Re-engineering Photosynthesis

New Scientist has an article today titled "A blue-green revolution: Upgrading photosynthesis."  In it, the author describes various possible upgrades that could be made to the photosynthetic machinery in modern plants.

The main point is that the chloroplasts in modern plants can trace their ancestry back to a photosynthetic bacteria which was engulfed by another cell some 1.5 billion years ago or so.  Since that time, this original chloroplast has been passed down to all photosynthetic algae and plants.  Of course it has evolved over time, and there are differences amongst the chloroplasts in various species of plants, but the divergence between these chloroplasts is very small compared to the changes that have occurred in single cell photosynthetic bacteria.

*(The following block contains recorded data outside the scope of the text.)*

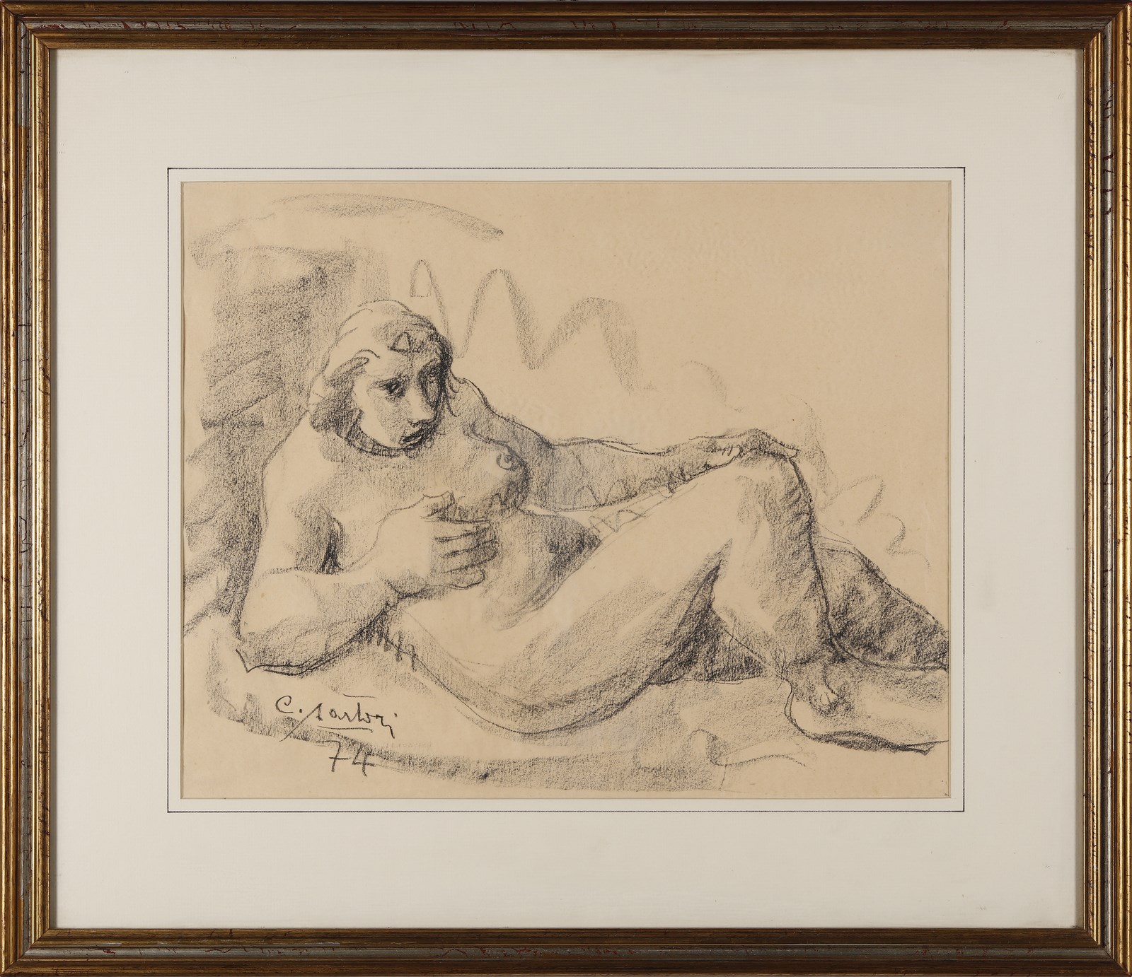 SARTORI CARLO (1921 - 2010) Senza titolo. 1974. Tecnica mista su carta. Cm 50,00 x 40,00. Firma e anno in basso a sinistra. Cornice presente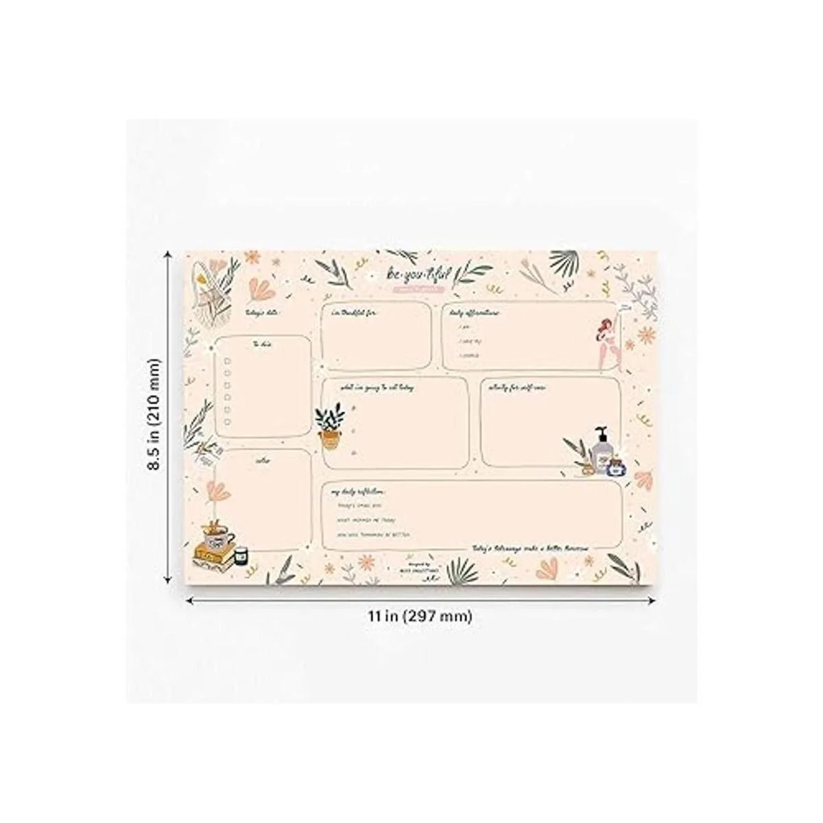50 láminas de alta calidad. Nuestro planificador diario sin fecha cuenta con un sentimiento Beyoutiful y un diseño inspirado en el amor propio.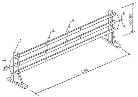 1 - разъем; 2 - деревянная стойка; 3 - болты; 4 - токопроводы (полоса 3´40 мм)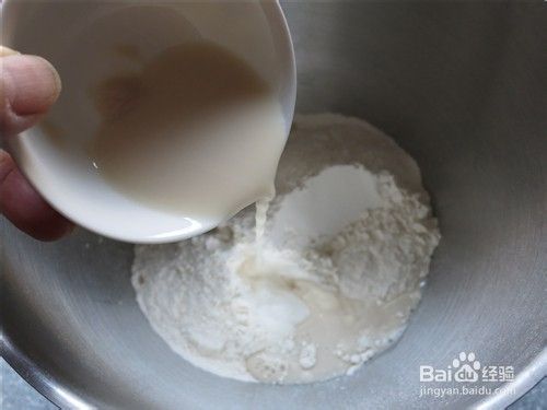 面粉放入厨师机搅拌桶中,加入酵母水,放入白糖

Why wouldn't we expect to see an equal diversification in the chloroplasts in algae and plants vs. photosynthetic bacteria? "Think of the countless cyanobacteria living in the sea. If a mutation enables one cyanobacterium to photosynthesise more efficiently, it will grow and reproduce faster, and its descendants could come to dominate a population within weeks. The rampant gene-swapping among simple cells means other kinds of bacteria could acquire this trait too.  Now suppose that same mutation occurs in a chloroplast in a plant. It might not be beneficial in plants, as what is good for chloroplasts can be bad for the host cell. Even if the mutation is beneficial, the odds are the chloroplast is in a leaf that will fall to the ground and die. And even if the mutation occurs in a cell that eventually gives rise to a new plant, the much slower reproduction rate of plants means it will take many decades for the mutation to spread through a population."  In other words, the fact that the bacteria are single-celled with short-lifetimes and prolific gene swapping, translates to a faster rate of evolution when compared to multi-cellular, longer lived plants and algae.

So what are the trends we see in today's most fashionable photosynthetic bacteria?
Adjusting to developments in the atmosphere.  The modern atmosphere is composed of about 78% Nitrogen, 21% Oxygen, and only 0.039% Carbon Dioxide (although it seems like we're trying to change that balance as fast as we can...).  Of course 2 billion years ago when that original photosynthetic bacteria was engulfed and on its way to becoming the ancestor of chloroplasts, the atmosphere had almost no Oxygen, and significantly more Carbon Dioxide, Carbon Monoxide, and other gases.

Proteins like rubisco, which take the carbon from CO2 and use it to help form sugar molecules.  The ancient rubisco would take up Oxygen or Carbon Dioxide.  Since there was a negligible amount of Oxygen, this didn't matter that much.  Now however, with a lot of Oxygen present, rubisco frequently grabs an Oxygen instead of a Carbon Dioxide, which results in a destruction of food instead of creation.

Cyanobacteria on the otherhand have evolved a way to mitigate this.  These organisms create carboxysomes, small compartments that allow Carbon Dioxide but keep Oxygen out.  Rubisco in carboxysomes is therefore free to spend its time being productive.  Moreover, carboxysomes also have an enzyme called carbonic anhydrase, which will convert bicarbonate to CO2, further increasing the amount of CO2 present to form sugar.

A second optimization that is discussed is in Nitrogen fixation.  Many plants are unable to take molecular Nitrogen from the air to use as raw Nitrogen in cellular processes.  Instead they often rely on symbiotic bacteria near their roots to do this for them, or alternatively, a friendly farmer to throw down some Nitrogen containing fertilizer.  The enzyme nitrogenase is capable of fixing molecular Nitrogen for use in plants, but unfortunately, nitrogenase is destroyed by Oxygen.  If plants could be designed to produce Nitrogenase at night however, when photosynthesis is not occurring and consequently lower levels of Oxygen are present, this might allow plants to effectively produce their own fertilizer.  Or, if nitrogenase could be inserted into a compartment like carboxysome, that also might prove beneficial.